Per mobilitare e mantenere l’impegno necessario a riuscire, ci vuole
un saldo senso di Autoefficacia.
Pertanto, in una certa attività, il senso di efficacia personale
consente di prevedere quali obiettivi vengono scelti e la qualità della
prestazione, mentre l’autostima non ha un effetto su queste variabili.
INCREMENTARE L’AUTOEFFICACIA
Riguardo allo sviluppo e all’incremento dell’Autoefficacia, è di
fondamentale importanza prendere in considerazione da dove
originano le convinzioni delle persone circa la propria efficacia.

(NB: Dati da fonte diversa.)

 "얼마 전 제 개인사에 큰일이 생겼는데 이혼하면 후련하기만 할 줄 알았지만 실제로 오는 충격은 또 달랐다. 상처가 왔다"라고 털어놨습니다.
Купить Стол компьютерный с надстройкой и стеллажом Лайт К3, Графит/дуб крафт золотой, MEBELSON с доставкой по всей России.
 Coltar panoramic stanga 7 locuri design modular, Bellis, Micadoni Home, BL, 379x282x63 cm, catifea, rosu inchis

Esse si sviluppano sulla base di informazioni ricavate attraverso
cinque fonti principali.
1.
LE ESPERIENZE DI GESTIONE EFFICACE
Le esperienze di gestione efficace sono costituite dalle esperienze
personali affrontate con successo mettendo in gioco le proprie
risorse; i successi determinano una solida fiducia nella propria
efficacia personale.
Una volta sviluppato un forte senso di Autoefficacia attraverso la
sperimentazione di ripetuti successi, occasionali fallimenti non
avranno probabilmente grande effetto sui giudizi circa le proprie
capacità, anzi è probabile che le persone certe delle loro
capacità attribuiscano le cause dei loro fallimenti a un impegno
insufficiente, a fattori situazionali o a strategie limitate.
Quando gli individui attribuiscono le prestazioni scadenti a strategie
imperfette piuttosto che ad incapacità, il fallimento può
aumentare la fiducia nel fatto che strategie migliori porteranno
a futuri successi.
1.
LE ESPERIENZE DI GESTIONE EFFICACE
Affinché l’esperienza passata possa incrementare la nostra
Autoefficacia, si devono utilizzare in maniera corretta le attribuzioni
causali, ossia i giudizi circa le cause degli eventi.

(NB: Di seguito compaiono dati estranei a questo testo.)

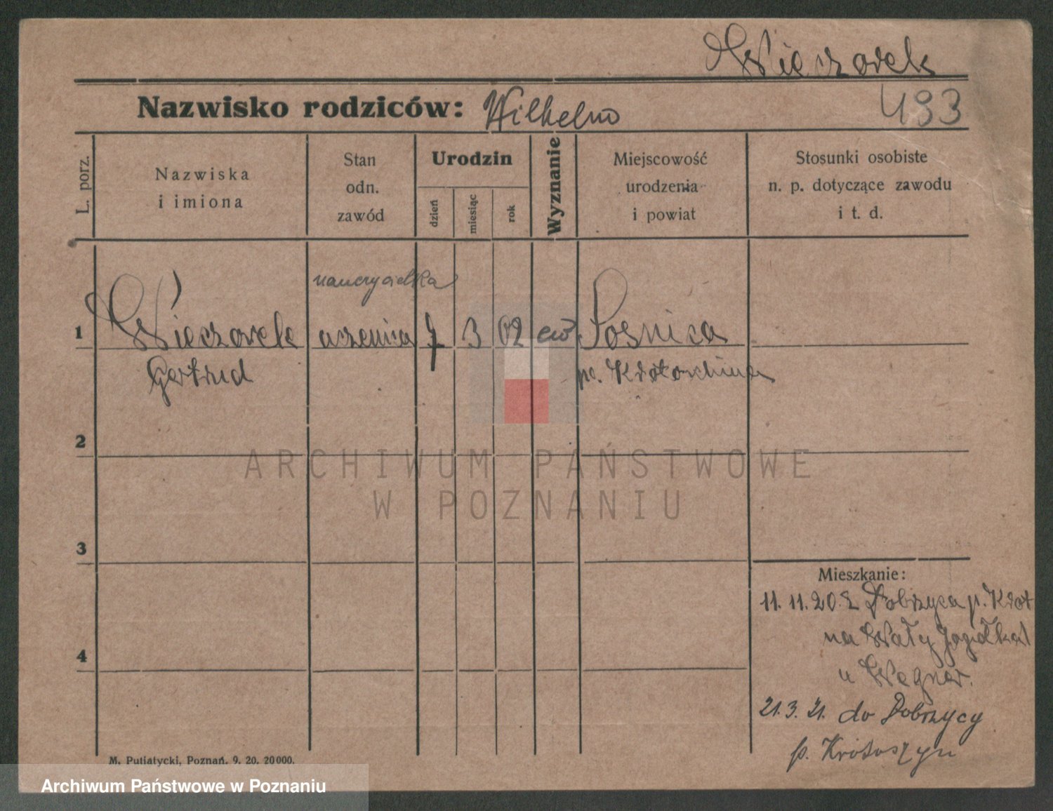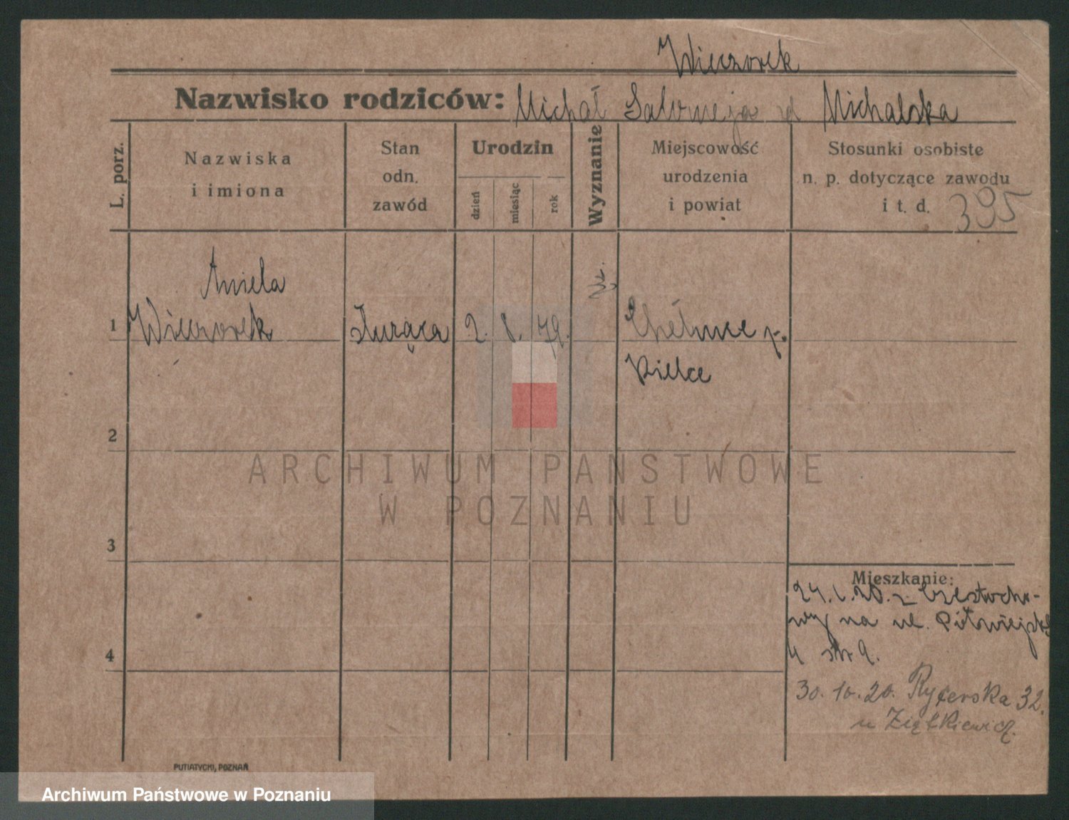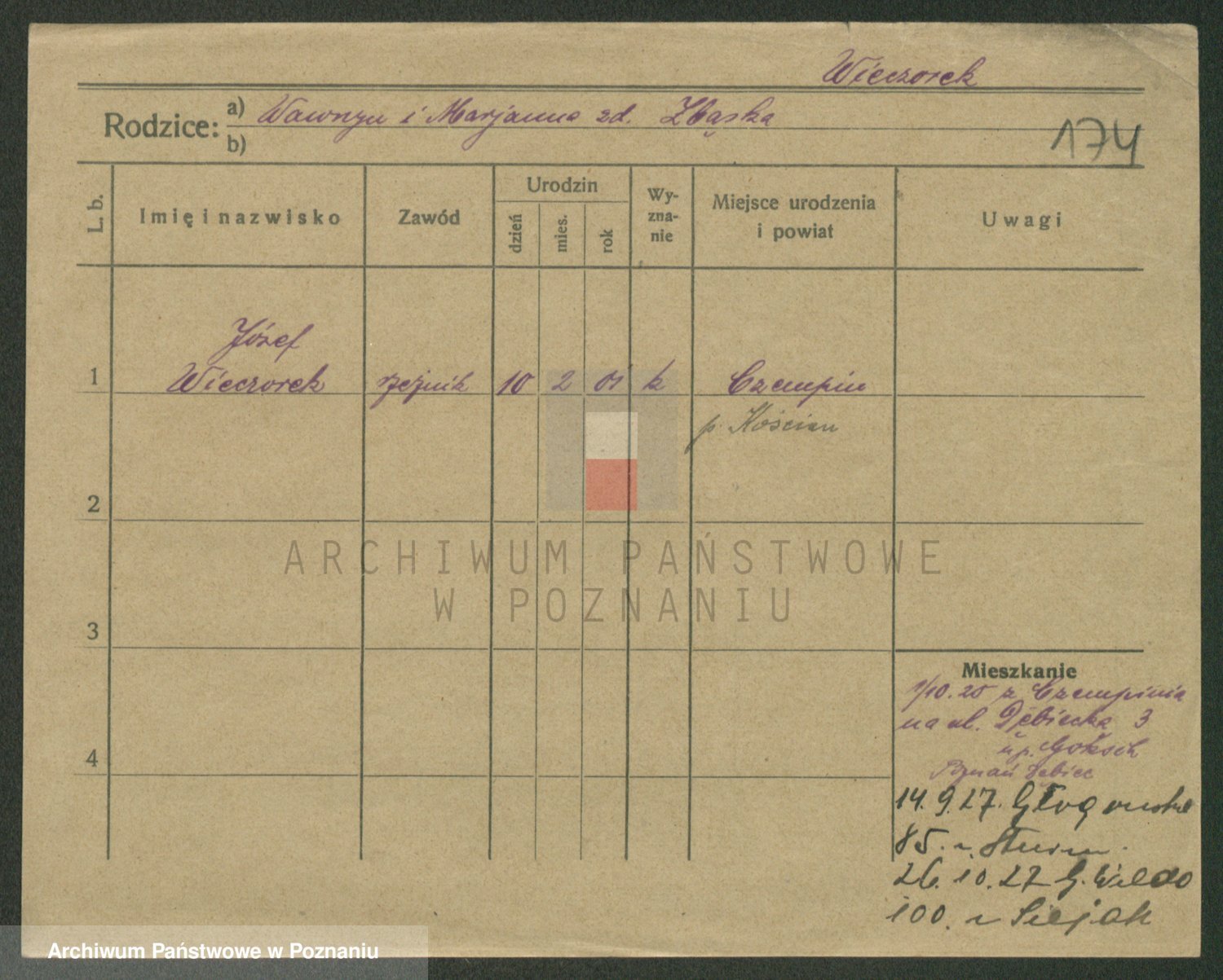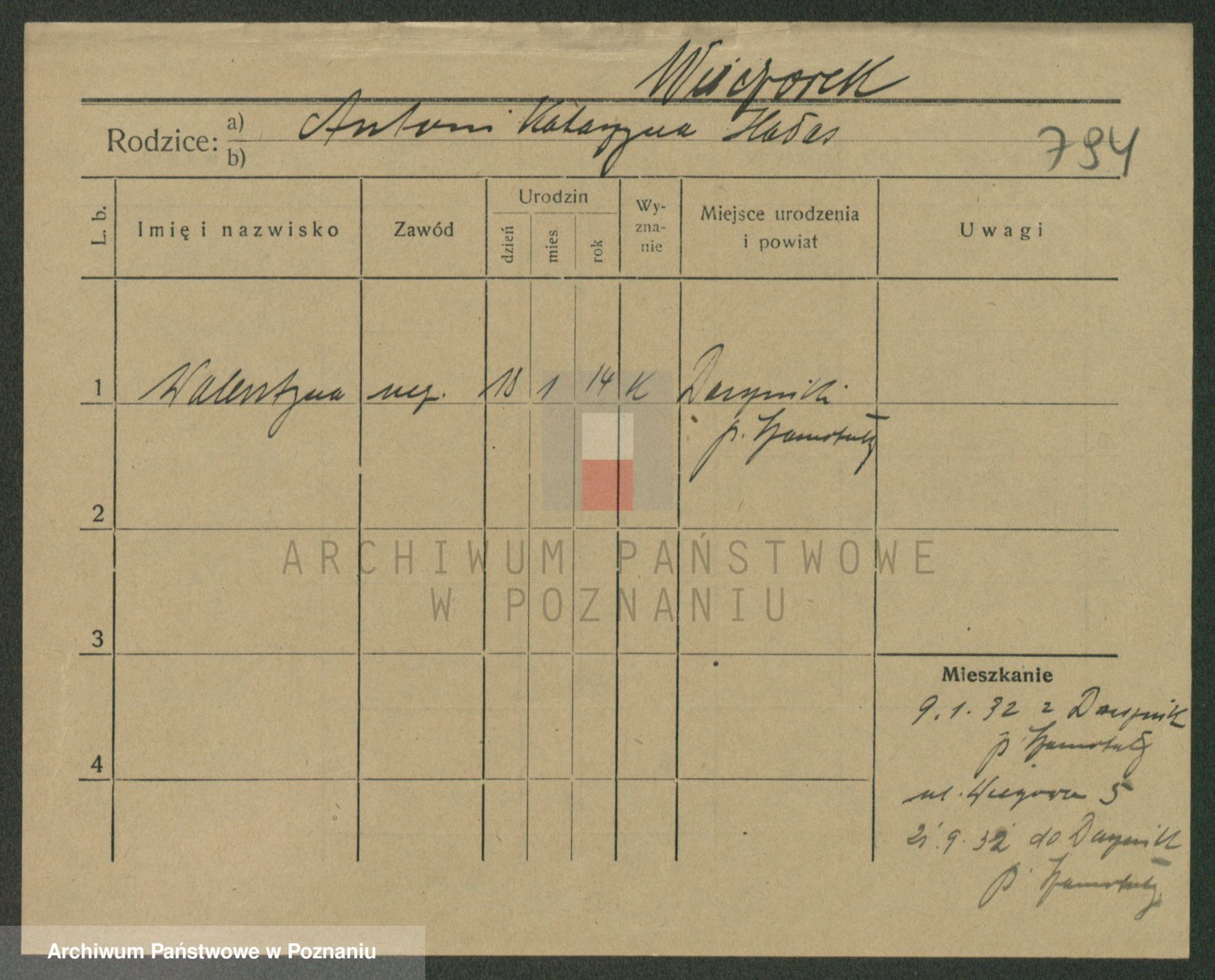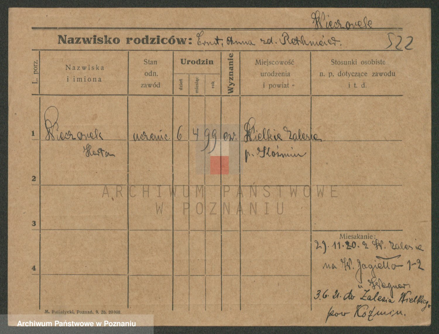 Podgląd karty osobowej dostępny jest po kliknięciu na nazwisko lub ikonkę karty. Można dokonywać powiększenia (ikony na górze) lub przechodzić między kolejnymi skanami (strzałki po bokach).

Le spiegazioni di ciò che accade sono determinate dai personali stili
attributivi o esplicativi, i quali rappresentano il modo consueto e
peculiare di ciascuno di interpretare le proprie esperienze di vita.
“Lo stile esplicativo è il modo in cui abitualmente spieghi a te stesso
perché accadono gli eventi”. (Seligman, 1996).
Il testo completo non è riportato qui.